**Exercise brief:** Below are the records; restate word for word the lines from the first through the one containing "solozu平台是近两年新兴", and only those.
===== Exercise data
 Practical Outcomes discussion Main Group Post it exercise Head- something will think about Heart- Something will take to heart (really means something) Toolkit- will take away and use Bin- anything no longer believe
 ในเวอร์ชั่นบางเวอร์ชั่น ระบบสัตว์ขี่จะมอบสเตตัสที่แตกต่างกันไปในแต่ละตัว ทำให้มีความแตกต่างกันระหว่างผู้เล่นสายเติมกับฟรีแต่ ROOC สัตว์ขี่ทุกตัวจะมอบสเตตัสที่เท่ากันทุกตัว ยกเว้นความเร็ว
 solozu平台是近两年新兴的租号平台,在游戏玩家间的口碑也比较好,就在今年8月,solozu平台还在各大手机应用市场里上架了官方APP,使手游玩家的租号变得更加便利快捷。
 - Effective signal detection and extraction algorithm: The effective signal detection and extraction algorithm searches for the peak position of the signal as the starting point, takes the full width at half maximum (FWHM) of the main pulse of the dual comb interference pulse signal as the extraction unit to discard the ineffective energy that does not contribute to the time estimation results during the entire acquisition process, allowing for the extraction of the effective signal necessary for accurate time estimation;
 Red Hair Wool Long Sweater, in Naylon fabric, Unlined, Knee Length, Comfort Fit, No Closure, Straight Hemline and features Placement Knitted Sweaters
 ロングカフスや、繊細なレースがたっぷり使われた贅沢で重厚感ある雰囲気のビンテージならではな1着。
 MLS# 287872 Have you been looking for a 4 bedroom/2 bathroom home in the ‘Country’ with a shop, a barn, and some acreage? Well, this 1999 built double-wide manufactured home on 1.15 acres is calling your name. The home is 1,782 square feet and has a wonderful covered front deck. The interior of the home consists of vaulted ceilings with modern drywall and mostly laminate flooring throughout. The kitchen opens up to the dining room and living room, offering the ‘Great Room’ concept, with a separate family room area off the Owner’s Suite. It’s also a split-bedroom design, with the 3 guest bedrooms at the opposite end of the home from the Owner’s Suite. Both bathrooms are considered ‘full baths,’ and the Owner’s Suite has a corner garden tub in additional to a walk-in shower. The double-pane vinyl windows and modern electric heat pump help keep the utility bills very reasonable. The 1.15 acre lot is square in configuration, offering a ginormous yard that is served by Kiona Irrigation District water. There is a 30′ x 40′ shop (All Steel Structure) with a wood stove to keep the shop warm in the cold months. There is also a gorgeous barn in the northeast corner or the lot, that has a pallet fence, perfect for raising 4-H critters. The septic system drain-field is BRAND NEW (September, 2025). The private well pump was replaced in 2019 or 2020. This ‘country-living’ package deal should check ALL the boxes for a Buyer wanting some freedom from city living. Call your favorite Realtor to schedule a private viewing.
==========
**Response to the exercise:**
 Practical Outcomes discussion Main Group Post it exercise Head- something will think about Heart- Something will take to heart (really means something) Toolkit- will take away and use Bin- anything no longer believe
 ในเวอร์ชั่นบางเวอร์ชั่น ระบบสัตว์ขี่จะมอบสเตตัสที่แตกต่างกันไปในแต่ละตัว ทำให้มีความแตกต่างกันระหว่างผู้เล่นสายเติมกับฟรีแต่ ROOC สัตว์ขี่ทุกตัวจะมอบสเตตัสที่เท่ากันทุกตัว ยกเว้นความเร็ว
 solozu平台是近两年新兴的租号平台,在游戏玩家间的口碑也比较好,就在今年8月,solozu平台还在各大手机应用市场里上架了官方APP,使手游玩家的租号变得更加便利快捷。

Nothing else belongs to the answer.